Round Trip - Cycle Detection in Undirected Graph

Problem Overview

Aspect Details
Problem Find a cycle (round trip) in an undirected graph
Input n cities, m bidirectional roads
Output Cycle path starting and ending at same city, or “IMPOSSIBLE”
Constraints 2 <= n <= 10^5, 1 <= m <= 2*10^5
Time Limit 1 second

Learning Goals

After solving this problem, you will understand:

  1. Cycle detection in undirected graphs - How back edges indicate cycles
  2. Parent tracking during DFS - Why we need to track where we came from
  3. Cycle extraction - How to reconstruct the cycle path using parent pointers

Problem Statement

Byteland has n cities and m roads. Each road connects two cities bidirectionally. Your task is to find a route that starts from a city, visits at least one other city, and returns to the starting city. All roads on the route must be distinct.

Input:

  • First line: n (cities) and m (roads)
  • Next m lines: two integers a and b (road between cities a and b)

Output:

  • If a round trip exists: first line is the number of cities, second line is the route
  • If no round trip exists: print “IMPOSSIBLE”

Example:

Input:
5 6
1 3
1 2
5 3
1 5
2 4
4 5

Output:
4
3 5 1 3

Key Insight: Back Edge Detection

In an undirected graph, a cycle exists if and only if we encounter an already-visited node that is NOT our immediate parent during DFS.

Why parent check matters:

    1 --- 2          When at node 2, we see node 1 is visited.
                     But 1 is our parent (we came from 1).
                     This is NOT a cycle - just the edge we used!
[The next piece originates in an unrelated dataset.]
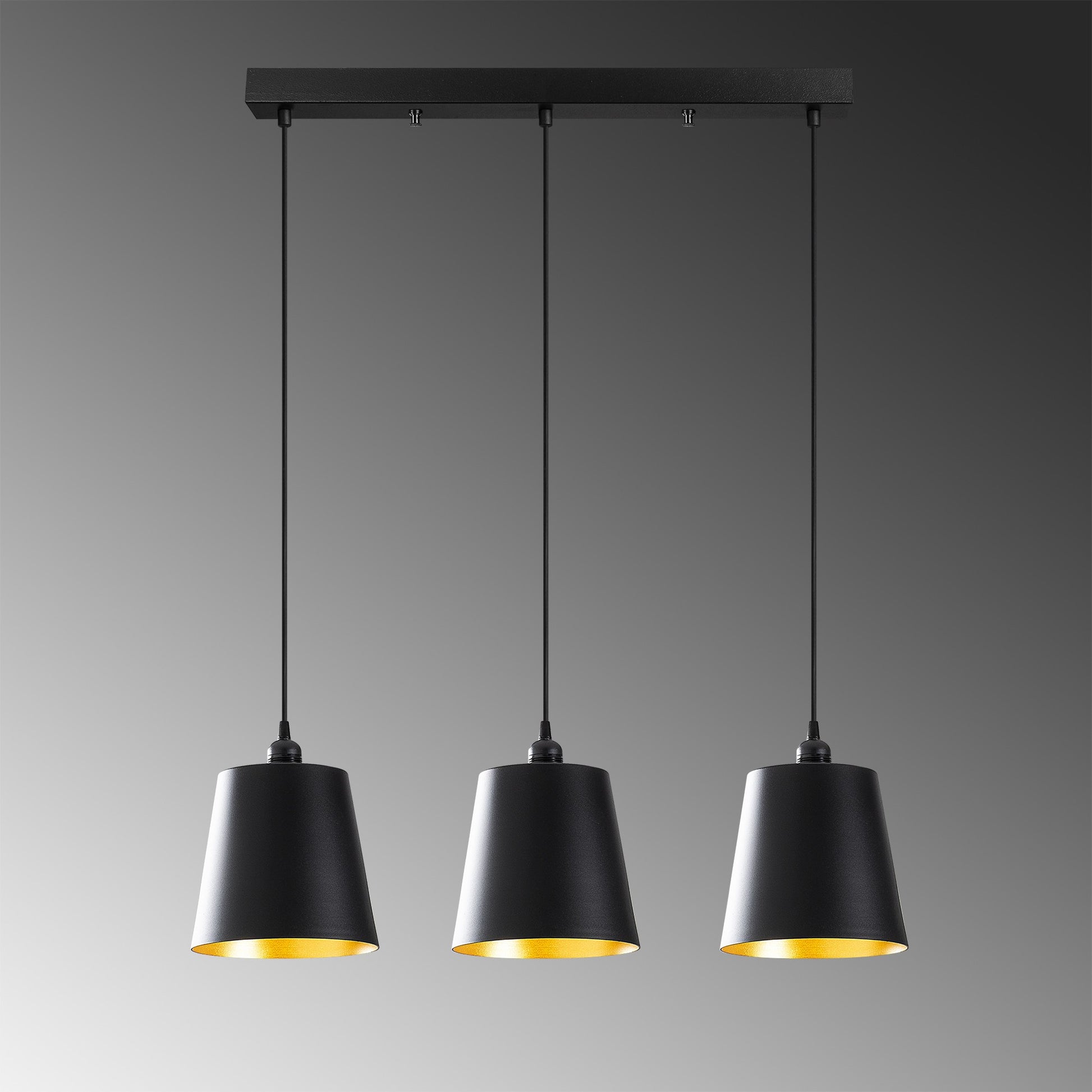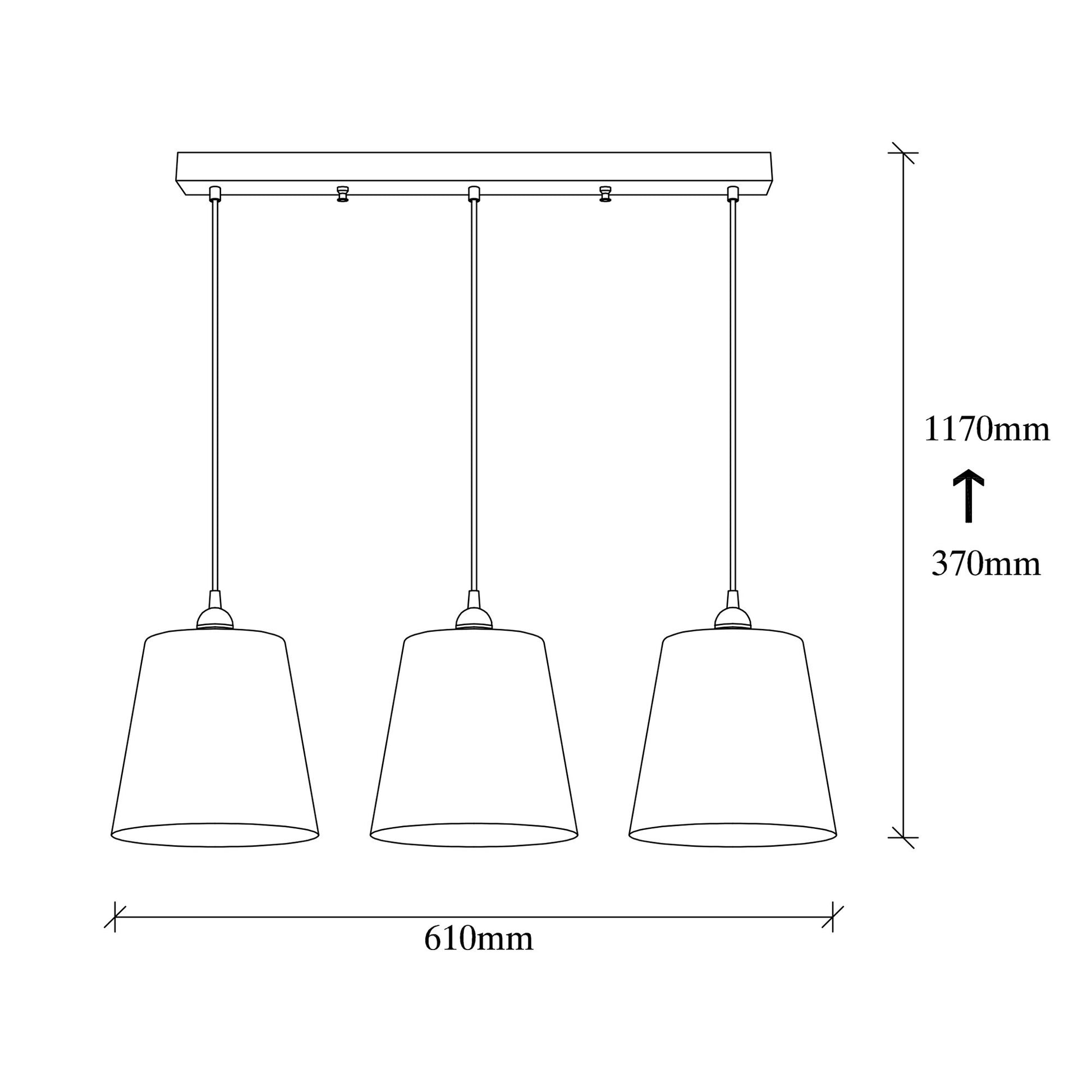 Candeeiro de Teto Industrial Escandinavo, Corpo em Metal Preto, 60 x 21 cm, Altura 117 cm, Ajustável, 3 x E27 máx. 40 W | Iluminação Elegante para Espaços Modernos

    1 --- 2          When at node 3, we see node 1 is visited.
     \   /           Node 1 is NOT our parent (parent is 2).
      \ /            This IS a cycle: 1 -> 2 -> 3 -> 1
       3

Key difference from directed graphs: In directed graphs, we use colors (white/gray/black) to detect back edges. In undirected graphs, we simply check if visited node != parent.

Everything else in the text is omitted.